Global Modeling of Compact High-Speed Circuits

摘要

In this report, we present the work done during May 2002 to April 2003. We developed a fast wavelet-based time-domain modeling technique to study the effect of electromagnetic-wave propagation on the performance of high power and frequency multifinger transistors. The proposed approach solves the active device model that combines the transport physics, and Maxwell's Equations on nonuniform self-adaptive grids, obtained by applying wavelet transforms followed by hard thresholding. This allows forming fine and coarse grids in the locations where variable solutions change rapidly and slowly, respectively. Comparison graphs showed a CPU-time reduction of 75% compared to a uniform-grid case, while maintaining the same degree of accuracy. After validation, the potential of the developed technique is demonstrated by electromagnetic- physical modeling of multifinger transistors. Different numerical examples are presented; emphasizing that accurate modeling of high-frequency devices should incorporate the effect of EM-wave propagation and electron-wave interactions, within and around the device.

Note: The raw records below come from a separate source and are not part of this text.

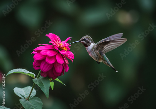 © Nilima, Naklejka premium "Hummingbird Feeding on Vibrant Pink Dahlia Flower Mid-Air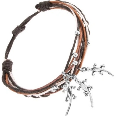 Náramek z černých, bílých a hnědých šňůrek, copánkový vzor, ocelové kuličky a tři přívěsky - lesklé ještěrky stříbrné barvy.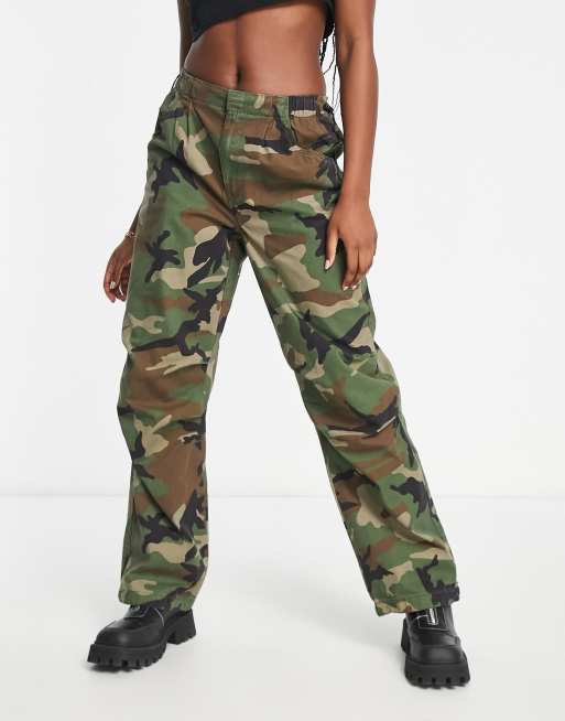 Bershka – kamouflagemönstrade baggy fallskärmsbyxor i tech-stil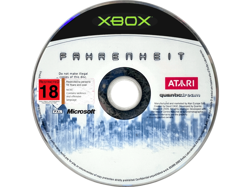 WARNING: GRAPHIC VIOLENCE. RESTRICTED 18 (R18) GAME: Fahrenheit (Xbox) Farenheight. This preowned game disc is in good condition with mild surface imperfections only. Disc comes inside an empty blank case. Please note that the original case is NOT included.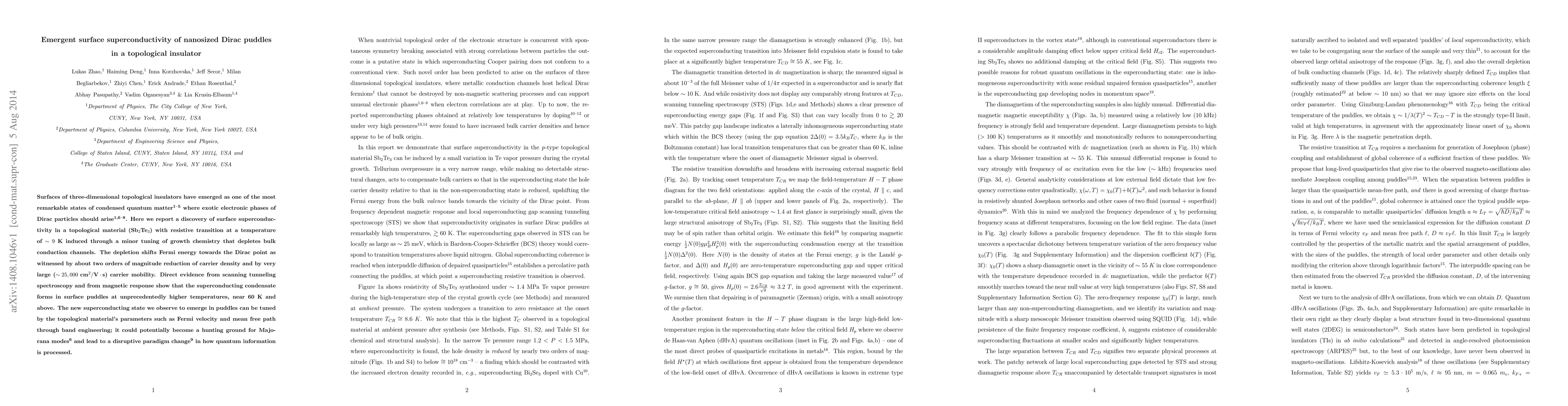 Surfaces of three-dimensional topological insulators have emerged as one of the most remarkable states of condensed quantum matter1-5 where exotic electronic phases of Dirac particles should arise1,6-8. Here we report a discovery of surface superconductivity in a topological material (Sb2Te3) with resistive transition at a temperature of ~9 K induced through a minor tuning of growth chemistry that depletes bulk conduction channels. The depletion shifts Fermi energy towards the Dirac point as witnessed by about two orders of magnitude reduction of carrier density and by very large (~25,000 cm^2/Vs) carrier mobility. Direct evidence from scanning tunneling spectroscopy and from magnetic response show that the superconducting condensate forms in surface puddles at unprecedentedly higher temperatures, near 60 K and above. The new superconducting state we observe to emerge in puddles can be tuned by the topological material's parameters such as Fermi velocity and mean free path through band engineering; it could potentially become a hunting ground for Majorana modes6 and lead to a disruptive paradigm change9 in how quantum information is processed.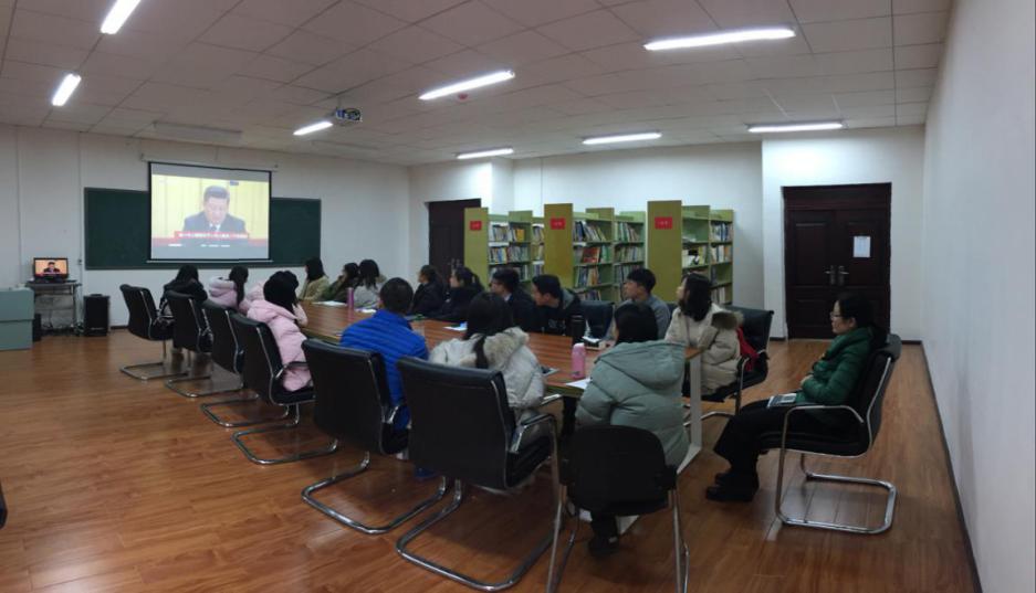 图:组织学院全体团员学习习近平总书记在庆祝改革开放四十周年大会上的讲话精神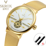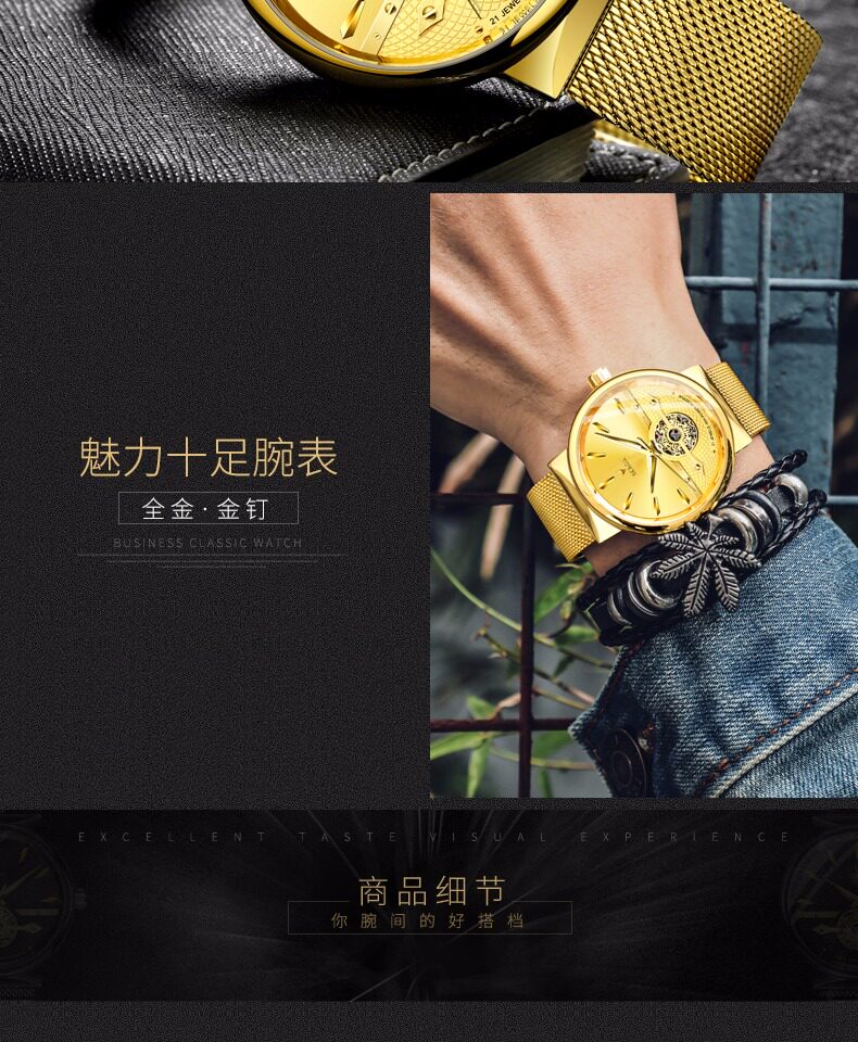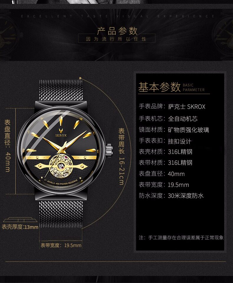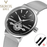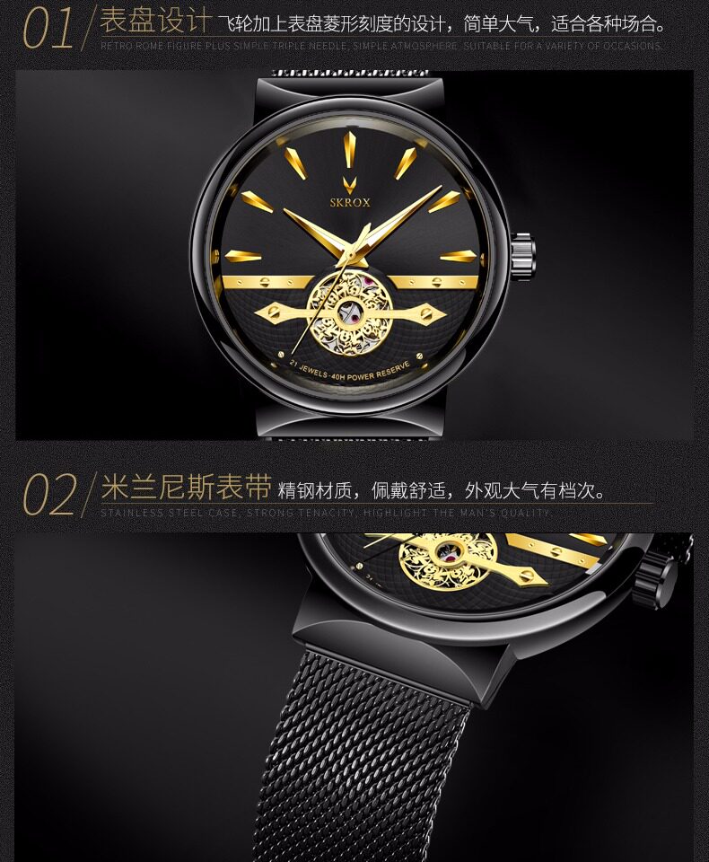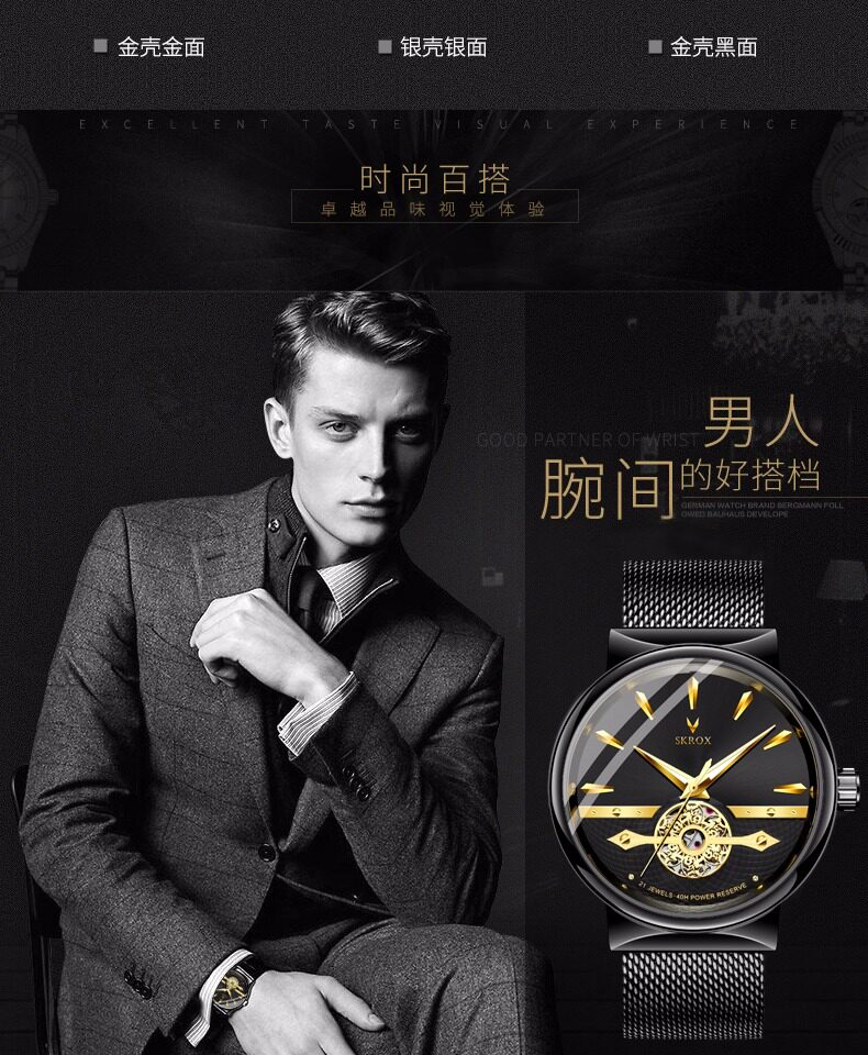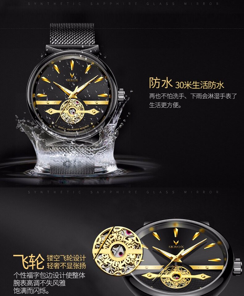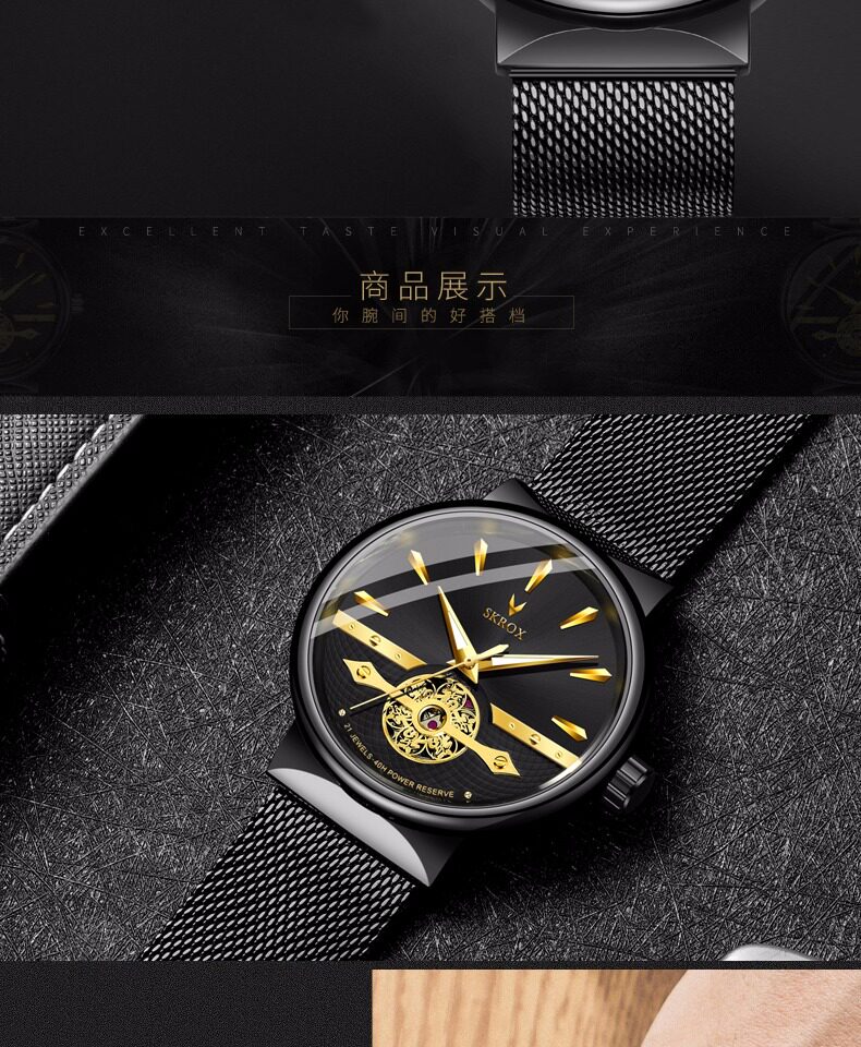 Мужские часы, тонкий водонепроницаемый стальной ремешок, модные механические механические часы, из натуральной кожи, полностью автоматический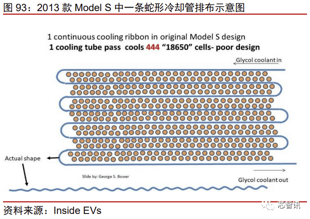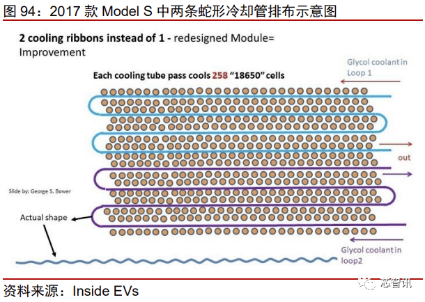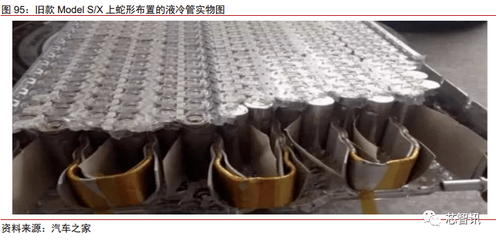 特斯拉早期的 Model S/X 电池模组中,冷却管路采用蛇形布置的冷却管,即长冷却 管穿越于整个电池模组中。如图中所示,2013 款 Model S 中采用一条蛇形冷却管,覆盖 444 颗电芯;2017 款 Model S 中采用两条蛇形冷却管,每根冷却管覆盖 258 颗电芯。
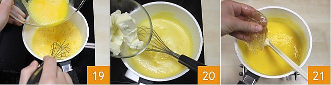 Rühren Sie die Mischung gut mit dem Schneebesen um und gießen Sie sie dann erneut in einen kleinen Topf, in dem Sie sie bei schwacher Hitze kochen 19. Lassen Sie sie köcheln und bei den ersten Anzeichen des Aufkochens, fügen Sie die in Würfel geschnittene Butter hinzu 20, dann rühren Sie und lassen Sie sie weiterhin bei schwacher Hitze für 2-3 Minuten kochen. Nach dieser Zeit nehmen Sie den kleinen Topf vom Herd und fügen die gut ausgedrückte Gelatine hinzu 21.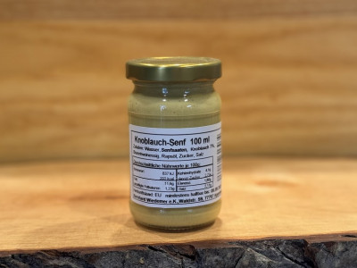 Dieser Knoblauch-Senf bringt eine klare, würzige Note an Fleisch, Dips und Brotzeit. Der Anteil an frischem Knoblauch sorgt für ein kräftiges Aroma. Ideal für Marinaden und Grillgerichte.
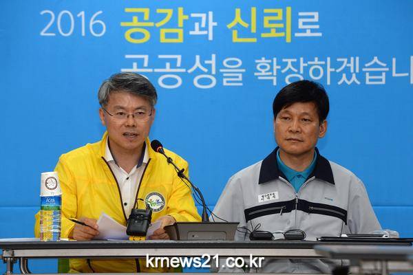 민 구청장은 발암물질 배출 사실이 알려진 13일 오후 4시 광산구청 상황실에서 긴급 기자회견을 가졌다.
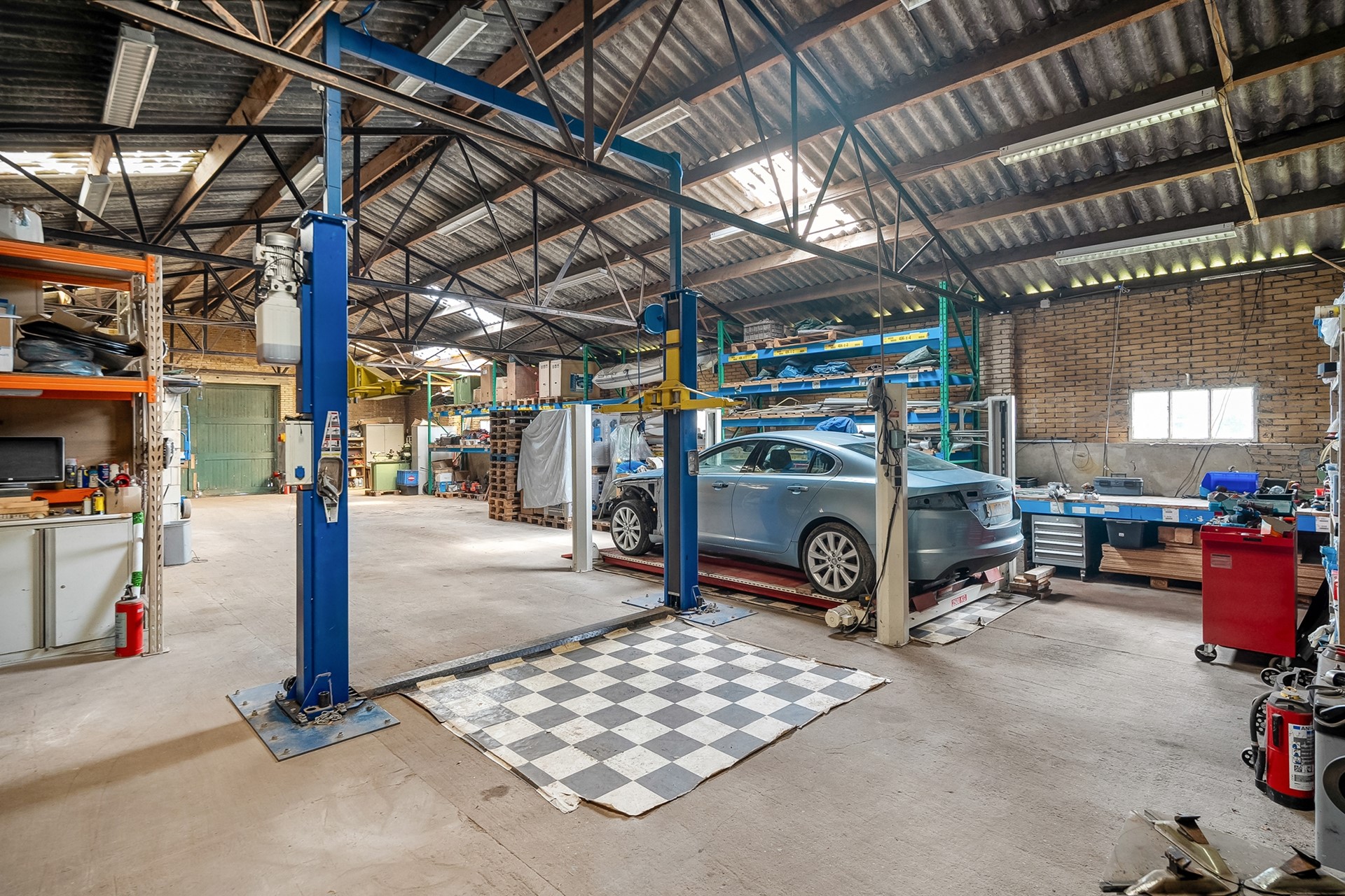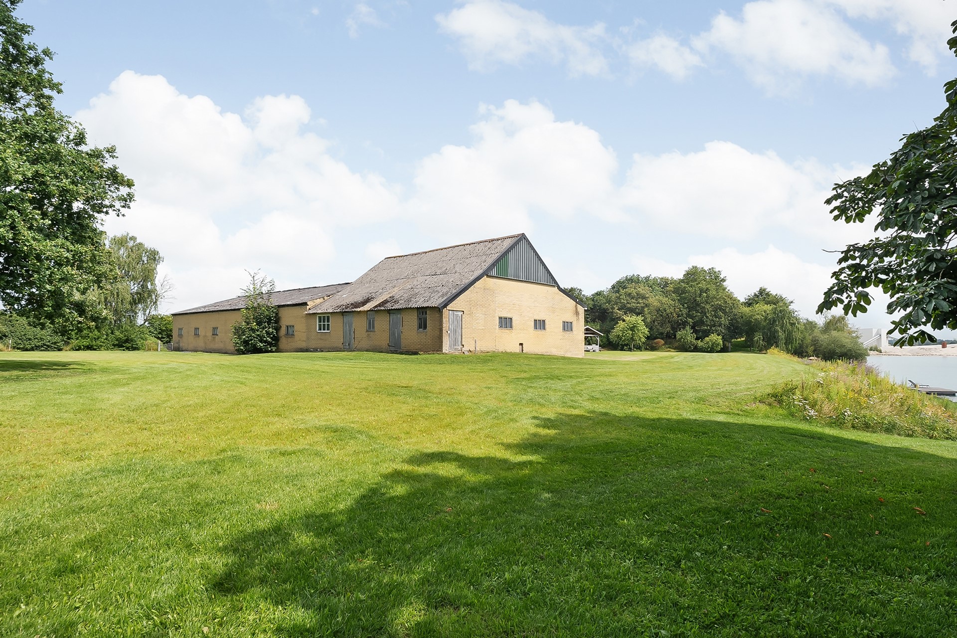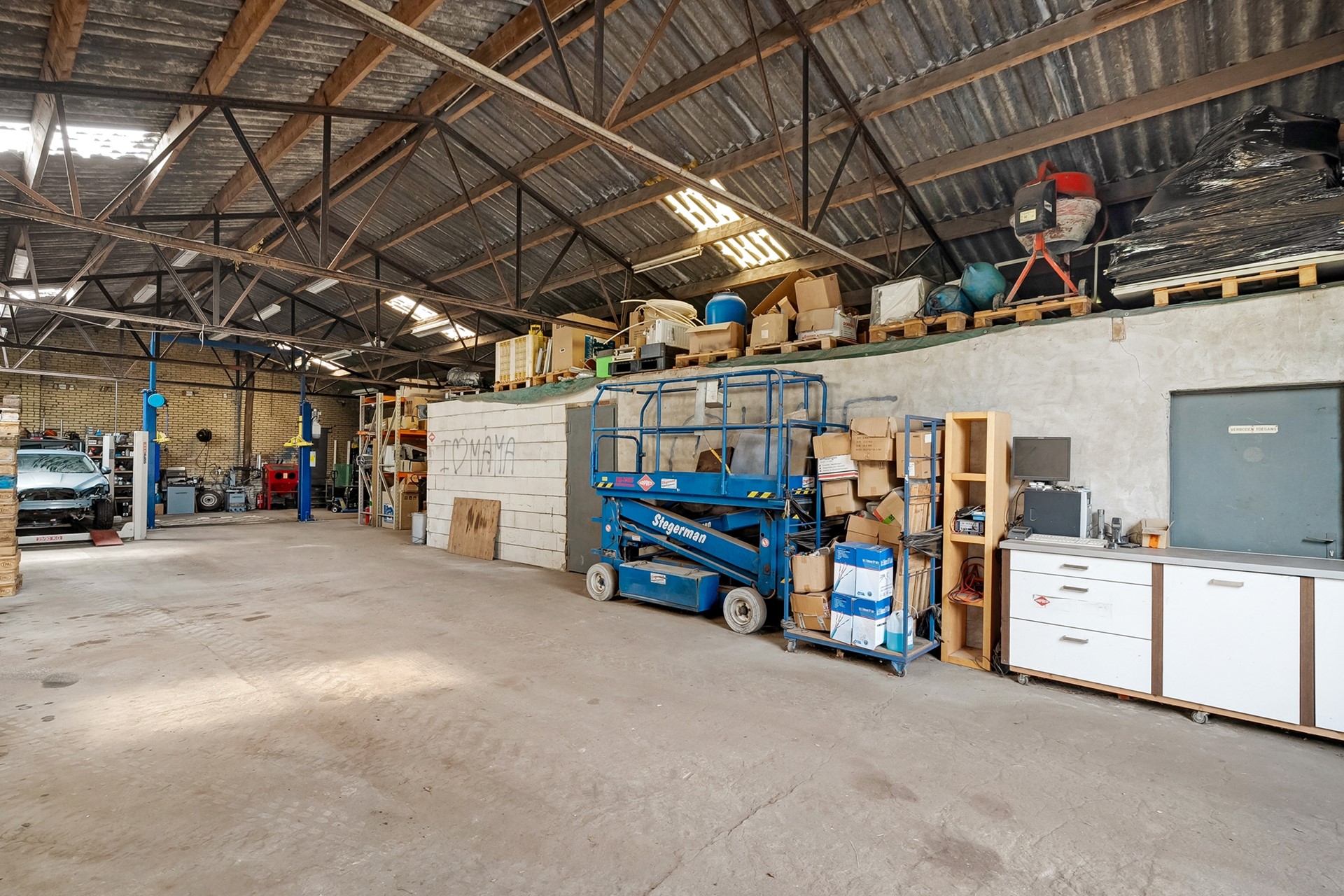 * Grote schuur, ruim 428 m2 (met asbesthoudende golfplaten).

Moreover, high-frequency advantages of multifinger transistors over singlefinger transistors are highlighted. To our knowledge, this is the first time in literature to introduce and implement a fully numerical electromagnetic-physics-based simulator for accurate modeling of high-frequency multifinger transistors. We have also considered the use of genetic algorithms to develop efficient simulators for modeling of high- frequency active microwave devices. We have successfully developed a new genetic-based simulator for large signal modeling of high-frequency devices. The new approach is compared to standard simulators showing moderate speed of convergence along with excellent accuracy. The advantages of genetic algorithms are their capabilities to obtain global solutions of multiple minima optimization problems along with being unconditionally stable.